* Banks have until Jan 2015 to meet requirements
* Hapoalim, Leumi to raise core capital to 10 pct by Jan 2017
* Banks may resume dividends if can meet directives
* Banking index jumps 6.8 percent
(Recasts, adds details, comments from officials/analyst, share reaction)
By Steven Scheer
JERUSALEM, March 14 (Reuters) - Israel’s banking regulator said it would give banks time to raise their core capital levels as part of the process of adopting international rules to strengthen the financial industry, sending shares in the sector soaring on Wednesday.
Under draft guidelines issued by the central bank’s Supervisor of Banks, Israeli banks will have to hold core capital equivalent to at least 9 percent of their risk-weighted assets by January 2015. The regulator imposed an additional goal of 10 percent on Israel’s two largest banks, Leumi (LUMI.TA) and Hapoalim (POLI.TA), but gave them until January 2017 to meet it.
Israel’s current core capital ratio - a measure of financial strength - is 7.5 percent, with banks averaging about 8 percent.
UBS analyst Darren Shaw said he had expected an increase of core Tier 1 capital to 9 percent by the start of 2014. Investors also had concerns that banks would have to curtail lending, but the Bank of Israel said banks were expected to increase capital balances gradually while continuing to support economic growth.
“The core Tier 1 regulatory cloud which has led to the Israeli banks drifting lower and lower appears to be lifting,” Shaw said, adding that although these were draft directives, it was likely they would be formally established.
Banks will also be allowed to distribute dividends as long as doing so does not negatively impact their ability to meet the new requirements, the Bank of Israel said. Banks had largely put off paying dividends until the capital directives were issued.
“We could see banks begin considering dividends in a few years, possibly earlier in some cases,” Shaw said.
The Tel Aviv banking index <0#.TELBANK> jumped 6.8 percent in afternoon trade to 970.98, with some bank shares up as much as 8.4 percent. The index hit a year low of 896.16 on Monday.
Optimism in bank stocks pushed the blue-chip TA-25 index .TA25 up 3 percent.
“A MEASURED STEP”
The new Basel III capital rules call for a core Tier 1 capital adequacy ratio of at least 7 percent starting in 2013, as regulators across the world pressure banks to build up their capital muscle in a bid to prevent a repetition of the 2008 financial crisis. Full implementation is expected by 2019.

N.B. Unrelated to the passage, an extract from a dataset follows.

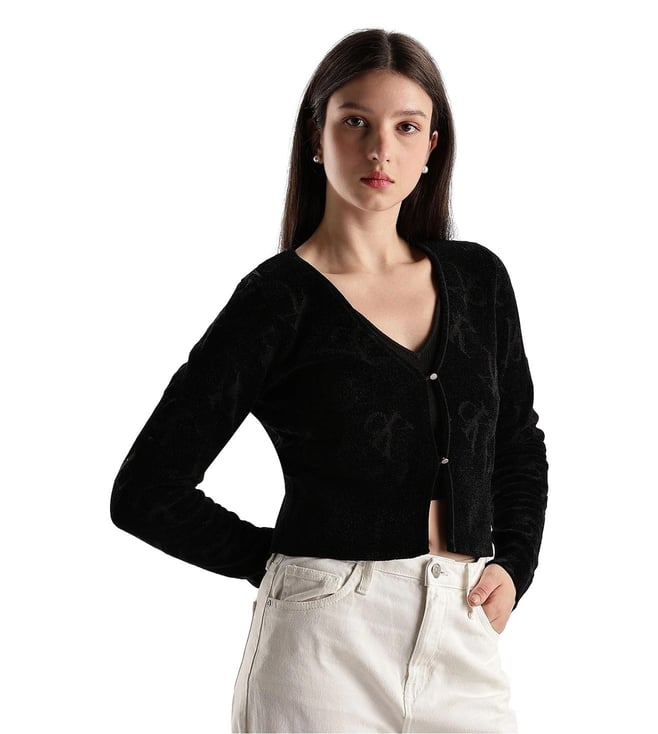 CALVIN KLEIN JEANS Black Regular Fit Printed Sweater
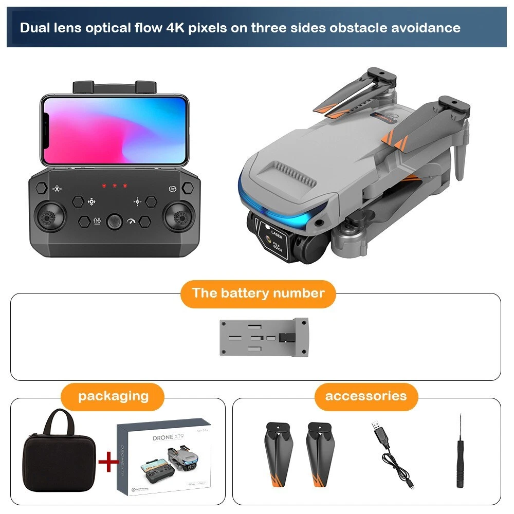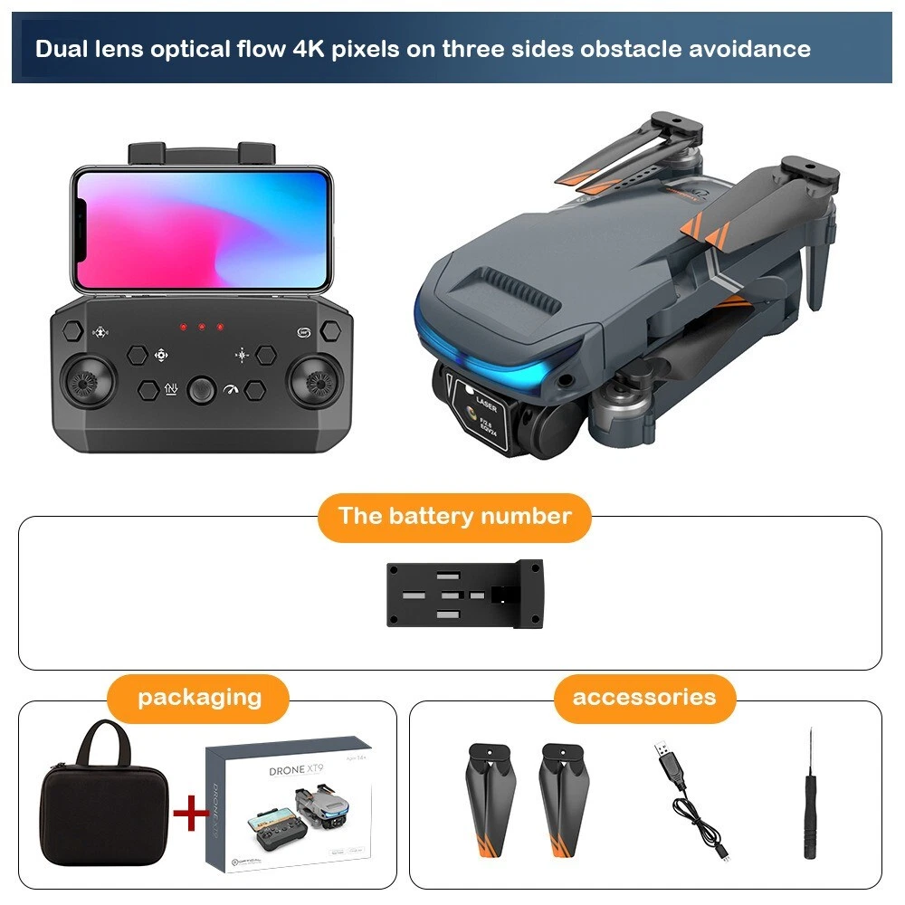Aerial UAV XT9 high-definition dual lens pixel multi-rotor UAV optical flow fixed high positioning remote control drone LSRC XT9 WiFi FPV with 4KHD Dual Camera Altitude Hold Mode Foldable RC Drone Quadcopter RTF(Optical flow location) Description: Brand Name: LSRC Item NO.: LS-XT9 Material: ABS Plastic & Electronic Components Color: Black Gyro: 6-axis Frequency: 2.4G Channel: 4CH Motor: 716 Brushed Coreless Motor Battery: 3.7V 1800MAH Lipo Battery (Included) Transmitter Power: 3 x AAA Battery (Not Included) Transmitter Mode: Mode 2 (Left Hand Throttle) Flying Time: about 15mins Low Flying Speed: 2m/s Medium Flying Speed: 4m/s High Flying Speed: 7m/s Charging Time: 120 minutes RC Distance: 80-100m FPV Distance: 30m FPV: WiFi Camera:4KDual Camera Resolution: 4K Camera Angle: Electric regulation Adjustable 180°- 90° Quadcopter Size: 18*12.5*4.5CM (Unfolded) 13*7*4CM (Folded) Package Weight: 460g Package Size(BOX): 22.5*17.5*7 CM Features: - Foldable arms, small size only 13cm, easy to carry. - With altitude hold mode function, flight is stable.(Optical flow location) - In headless mode, there is no need to adjust the position of the aircraft before flying. - One Key Take-off/Landing/Return. Easily find your way home using the one-button back function. - Built-in4K pixel HD camera. Surprisingly, it can capture stunning pictures and videos from the sky. - Dual camera switch, get rid of fixed angle of view. - With WiFi function, it can be connected to applications, APK system, and take photos, videos, and real-time transmission through mobile phone camera images. - Draw a flight path on the screen, the drone will fly autonomously along the specified path. - VR 3D experience. Through mobile app with VR glasses, you can feel the emptiness from the perspective. - MV production, music addition. - 3.7V 1800mAh modular battery, easy to install and take, battery life up to 15 minutes. - 2.4GHz anti-interference technology. - 4 channels for ascent, descent, forward, backward, left flight, right flight and 360°roll. - Six-axis gyroscope, smoother flight and more convenient control. - LED lights make flying more spectacular, especially in the dark. Functions: Up / Down, Forward / Back, Left / Right Turn, Side Flight, LED Light, Headless Mode, One-button Auto Return, Altitude Hold Mode, WiFi FPV Package Included: 1 x XT9 Drone 1 x Remote Control 1 x 3.7V 1800MAH Battery 1 x USB Charging Cable 2 x Spare Blade 4 x Protection Cover 1 x Screwdriver 1 x Manual 1 x Storage Bag

Israel’s central bank said the ratios and their timetables for implementation took into account the Basel Committee’s recommendations and guidelines of supervisory authorities abroad, as well as the actual level of core capital levels in Israel.
They were also based on the banks’ risk structure and environment in which the banking system operates and banks’ ability to increase their capital adequacy and to continue to supply credit for the support of economic activity.
“This is an additional essential step in the strengthening of the banking system and supporting the stability of Israel’s financial system. It is a measured step which allows continued growth of credit and of the economy,” Bank of Israel Governor Stanley Fischer said.